REQUIRED ACTION:
Copy the records word for word. Pictures do not go in.

***

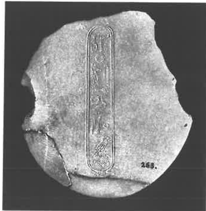
Fig. 36.2 (right). The Khyan Lid (adapted from Warren and Hankey 1989, 244, pl. 14A).
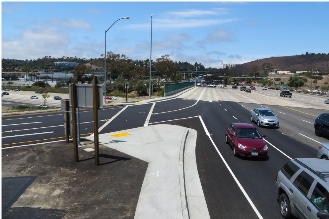
Post-construction looking westerly across widened I-5 bridge overcrossing
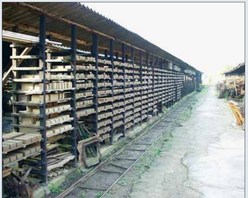
The unfired bricks are left to dry to the atmosphere for several days.
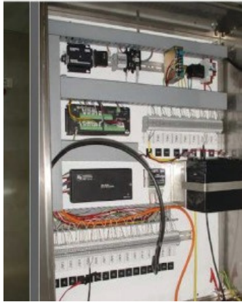
Automatic Pore Pressure Recording System AL-131-VWP
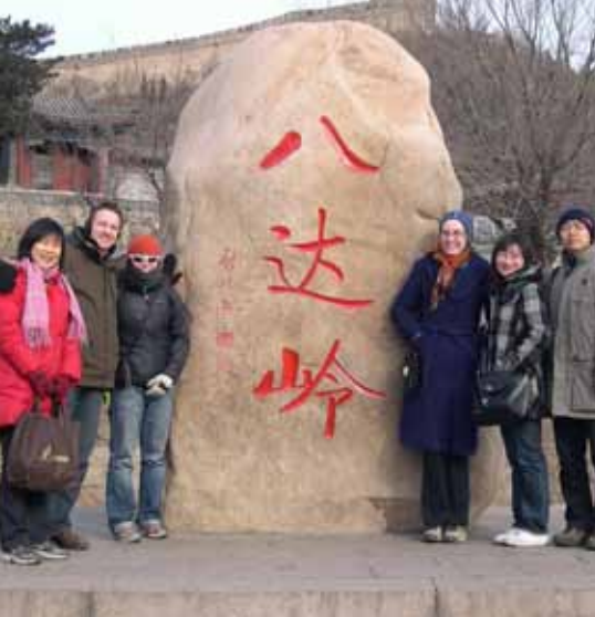
VLS and CUPL students on the Great Wall

***

OUTPUT BELOW:
Fig. 36.2 (right). The Khyan Lid (adapted from Warren and Hankey 1989, 244, pl. 14A).
Post-construction looking westerly across widened I-5 bridge overcrossing
The unfired bricks are left to dry to the atmosphere for several days.
Automatic Pore Pressure Recording System AL-131-VWP
VLS and CUPL students on the Great Wall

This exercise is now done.